Pfizer doubles down with its 2nd FDA hemophilia approval in 6 months

Six months after scoring FDA approval for hemophilia B gene therapy Beqvez, Pfizer has earned a nod from the U.S. regulator for another of its products in the indication.

On Friday, the FDA signed off on Hympavzi (marstacimab-hncq), an anti-tissue factor pathway inhibitor for patients age 12 and older with hemophilia A or B who have not developed antibodies to previous inhibitor treatments.

Hympavzi is a once-weekly subcutaneous injection that helps limit the bleeding episodes that accompany the blood-clotting disorder. It is the first U.S.-approved treatment for hemophilia to be administered by a user-friendly, pre-filled auto-injector pen. It is designed to be a convenient alternative to periodic infusions of proteins that boost blood clotting.

The company has placed a $795,600 wholesale acquisition cost (WAC) on Hympavzi. That compares to the $3.5 million Pfizer charges for Beqvez and matches the price CSL and uniQure have established for their hemophilia B gene therapy Hemgenix.

The price for Hympavzi "is in line with current WAC pricing for prophylactic treatments for hemophilia A or B currently available on the market," Pfizer said, adding that it expects to launch the product in this quarter.

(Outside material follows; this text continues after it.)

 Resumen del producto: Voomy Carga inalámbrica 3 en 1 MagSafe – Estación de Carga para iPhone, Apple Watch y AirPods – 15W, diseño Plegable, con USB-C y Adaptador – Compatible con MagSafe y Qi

“Hympavzi aims to reduce the current treatment burden by meeting an important need for these patients, including many who have required frequent, time-consuming intravenous treatment infusion regimens,” Suchitra Acharya, M.D., the director of the Hemostasis and Thrombosis Center Northwell Health, said in an Oct. 11 release.

Hympavzi targets the Kunitz-2 domain of tissue factor pathway inhibitor (TFPI), a natural anticoagulation protein. In developing the treatment, Pfizer trailed Novo Nordisk’s investigational TFPI monoclonal antibody called concizumab, but the FDA rejected the treatment in May 2023 because of dosing and manufacturing issues.

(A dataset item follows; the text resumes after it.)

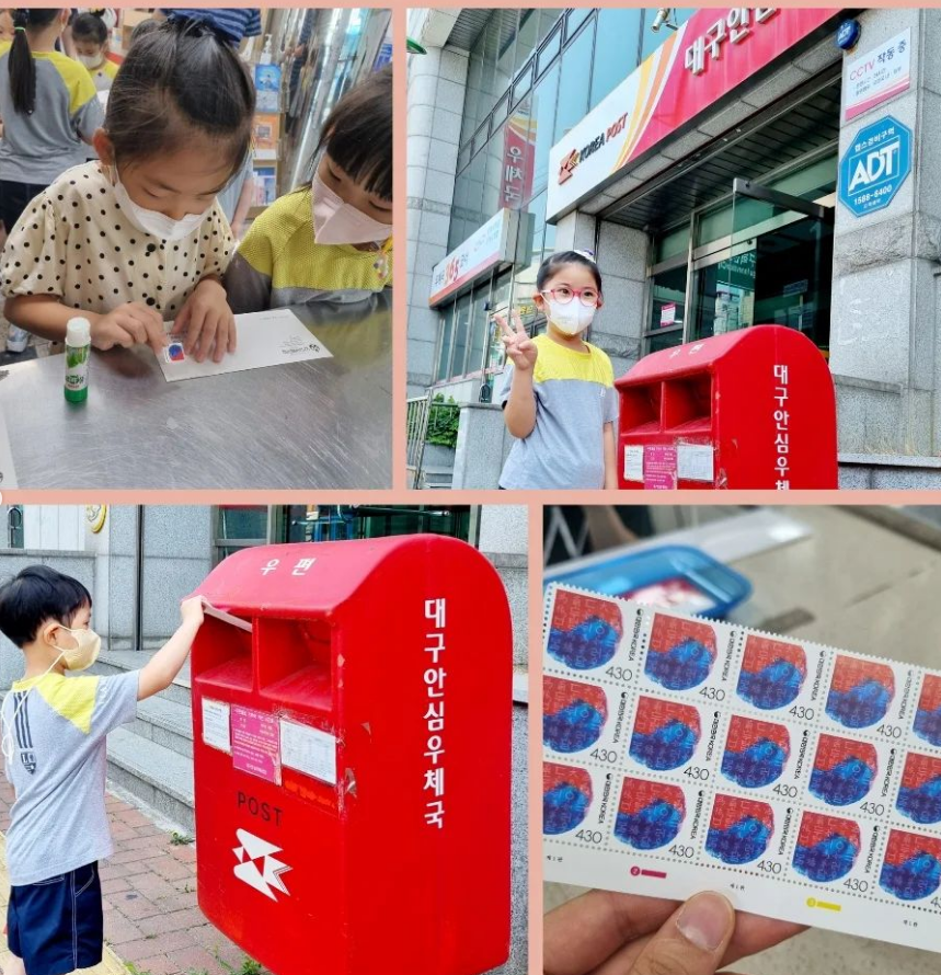 미리 준비한 편지에 우표를 사서 붙여보기도 했어요.

The nod for Hympavzi is backed by results from a phase 3 trial of 116 patients with hemophilia A or B. Subjects received standard of care for six months and then switched to marstacimab for 12 months. Among those who received on-demand factor replacement intravenous therapy in the lead-in period, switching to Pfizer’s antibody reduced bleeds by 92%. Pfizer also showed the superiority of marstacimab compared to prophylaxis, with a 35% reduction in the annualized bleeding rate.

The most commonly reported side effects—which struck less than 3% of the patients in the study—were injection site reactions, headache and itching.

Pfizer has a deep pipeline of hemophilia candidates including another gene therapy, giroctocogene fitelparovec, which is in phase 3 testing for hemophilia A.

Roche’s Hemlibra, which racked up sales of CHF 4,147 million ($4.7 billion) in 2023, currently rules the hemophilia A market.

Hemophilia impacts more than 800,000 people globally and inhibits the blood’s ability to clot properly, increasing the risk of repeated bleeding inside the joints, which can lead to permanent damage. Despite significant progress in hemophilia treatment, many experience bleeding episodes and must manage their condition with intravenous infusions that may need to be administered multiple times a week, Pfizer said.